In ExxonMobil’s February earnings call, Woods said the company’s focus remains on price per barrel over volume. “One of the primary objectives we’ve had in looking at the portfolio is less about volume and volume targets and more about the quality and profitability of the barrels that we’re producing.” he said. “That’s been the focus. And as we move forward, we’ll continue — you’ll continue to see the quality of the barrels or profitability of the barrels increase.”
According to Tom Sanzillo, director of financial analysis for the Institute for Energy Economics and Financial Analysis, what’s even more unusual than the industry’s hesitancy to drill, given the high prices per barrel, is the fact that they’re not buying up new land.
The government doesn’t place any production limits on oil and gas companies, and there’s no such thing as an immediate production increase.

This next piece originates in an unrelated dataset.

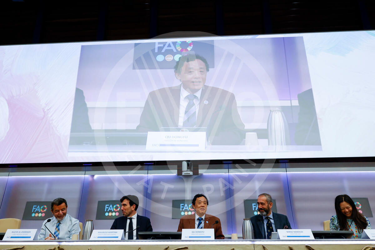 15 February 2025. Rome, Italy. FAO Director-General QU Dongyu delivers his address during the Opening Ceremony of the FAO Wellbeing Awareness Event 2025. FAO headquarters, (Sheikh Zayed Centre).

“Typically the price spike would occur and rather than pay dividends as robustly as they are paying now, they would buy up other assets and maybe increase production,” he said. “What’s happening now is not typical. They’re not buying up other assets, and they’re not drilling. What does that mean for the future? It’s hard to say. It’s possible they’re just biding their time, building confidence amongst investors and will increase production next year, but this is definitely not the typical response to a price spike.”
Instead, they’re banking that money, using it to make up for profits lost in the pandemic and mostly to conduct massive stock buybacks that keep their shareholders happy and might just bring investors back to fossil fuel for one more round.
Which brings us to the elephant in the room: the United States’s supposed energy independence. As a net exporter of oil and gas, that’s what the country was promised by industry. But you can’t have independence if you are ruled entirely by global commodity markets. The other big oil-exporting countries are able to use their production capabilities to protect themselves from sudden price changes because their fossil fuel industries are nationalized. Because the U.S. energy sector is entirely private, we have no such luck. For all the industry’s squawking about federal leases, only 10 percent of U.S. drilling happens on public land, the rest is on private land that the government has zero control over. And, again, there is no government entity overseeing production; it’s left entirely up to companies to produce as much or as little oil as they think will be profitable. The closest we have to a regulatory body on production is the Texas Railroad Commission, but even when oil prices went negative during the pandemic, the commission opted not to impose production limits.
Although Biden floated the idea of reinstating the export ban when he campaigned for president, his Energy Secretary Jennifer Granholm took that off the table almost immediately. It hasn’t reemerged in the Russia-Ukraine debates, and U.S. exports helped Europe absorb the sudden cutoff of Russian fuel supplies. But an export ban is not a terrible long-term plan. And since the industry is accusing the government of meddling with production anyway, why not call its bluff and start a real conversation about nationalizing the industry and marching it toward a transition to renewable energy? What we’re seeing now is an entirely unmanaged transition, unfolding in real time. It’s painful, and the future is completely unclear, but none of that has to be true.